Normally, I don't read arguments against something until I've read the material myself. Then, I'll better understand arguments for and against a hypothesis.
There's a lot that is still unknown, and any attempts to understand what is unknown are interesting. Even hypotheses that are shown to be incorrect are valuable, if only because they encourage further thinking and study.
Somehow, some people seem to think I'm promoting Tegmark's ideas. I'm not. I'm promoting ideas in general. Until I have a chance to read what he wrote, I can't really form an opinion. But, I still have many questions, as to pretty much all cosmologists. I'm not a cosmologist. I'm just interested in cosmology.
struggle4progress
(118,274 posts)Posted on January 17, 2014 by woit
Tegmarks career is a rather unusual story, mixing reputable science with an increasingly strong taste for grandiose nonsense.
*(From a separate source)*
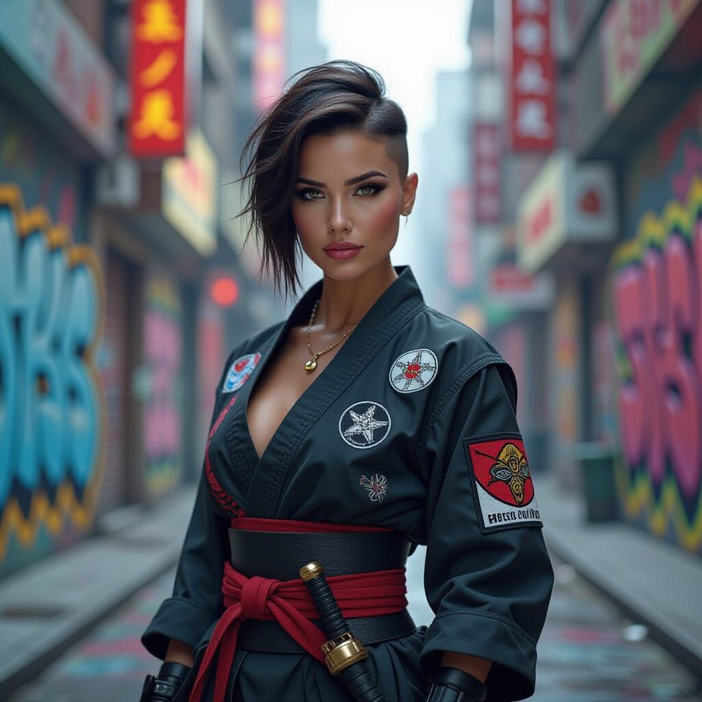 This image showcases a strong woman in ninja attire with a distinctive short haircut, set against a lively city background filled with graffiti. Presented with high contrast and energetic, colorful textures.
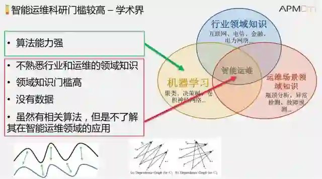 虽然学术界研究人员的算法能力相对较强,但是他们往往不熟悉行业和运维领域的相关知识。而智能运维处于三个领域的交叉部分。这就导致智能运维的门槛比较高,需要花大量的时间和精力才能进入智能运维领域。

In this book he indulges his inner crank, describing in detail an utterly empty vision of the ultimate nature of reality ...
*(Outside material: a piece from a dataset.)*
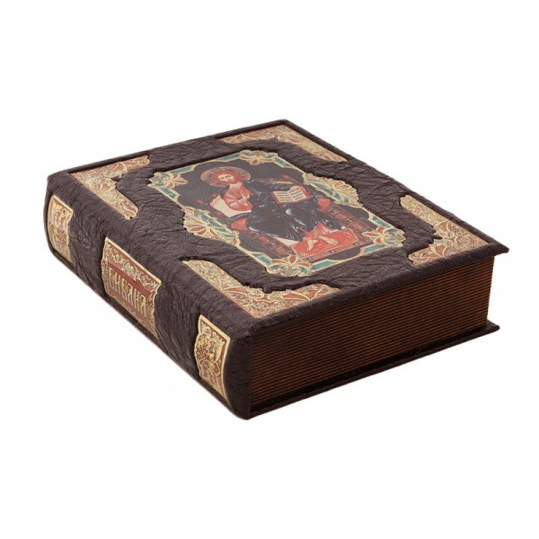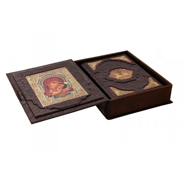 Цельнокожаный переплёт ручной работы, украшен иллюстрированной вставкой из цветного металла.

The book explains Tegmarks categorization of multiverse scenarios in terms of Level ...
Tegmarks innovation is to postulate a new .. Level IV multiverse. With the string landscape, you explain any observed physical law as a random solution of the equations of M-theory ... Tegmarks idea is to take the same non-explanation explanation, and apply it to explain the equations of M-theory. According to him, all mathematical structures exist, and the equations of M-theory or whatever else governs Level II are just some random mathematical structure, complicated enough to provide something for us to live in. Yes, this really is as spectacularly empty an idea as it seems ...
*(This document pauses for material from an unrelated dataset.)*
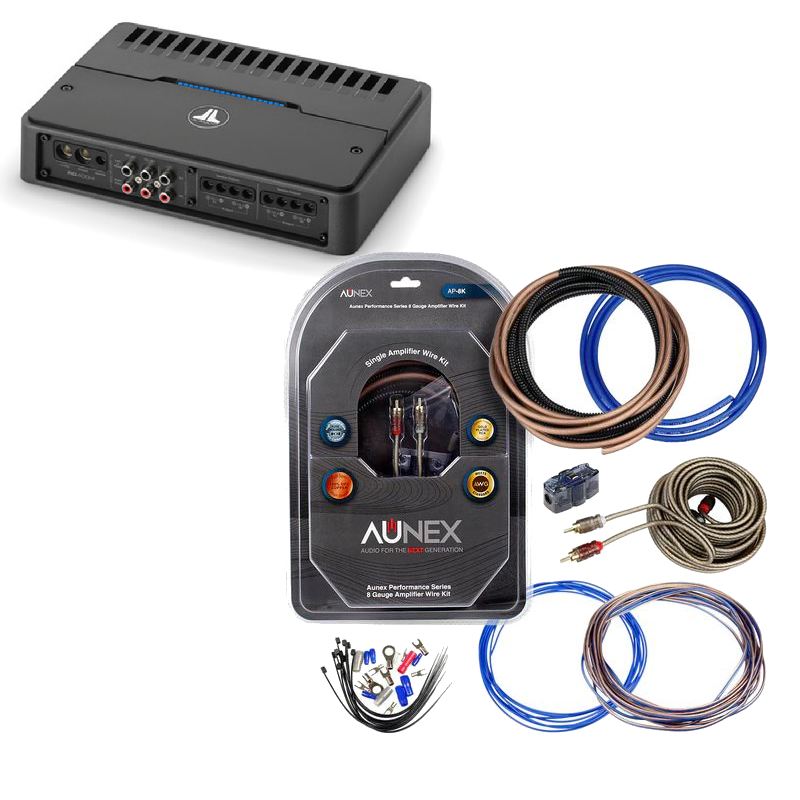 JL Audio RD400/4 100W x 4 @2Ohms, 400W Max Power Class D 4-channel Full-Range Amplifier + Aunex AP-8K 8 Gauge Amplifier Wiring Kit

On page 354 there is a paragraph explaining not a Level IV prediction, but the possibility of a Level IV prediction. The idea seems to be that if your Level II theory turns out to have the right properties, you might be able to claim that what you see is not just fine-tuned in the parameters of the Level II theory, but also fine-tuned in the space of all mathematical structures. I think an accurate way of characterizing this is that Tegmark is assuming something that has no reason to be true, then invoking something nonsensical (a measure on the space of all mathematical structures) ...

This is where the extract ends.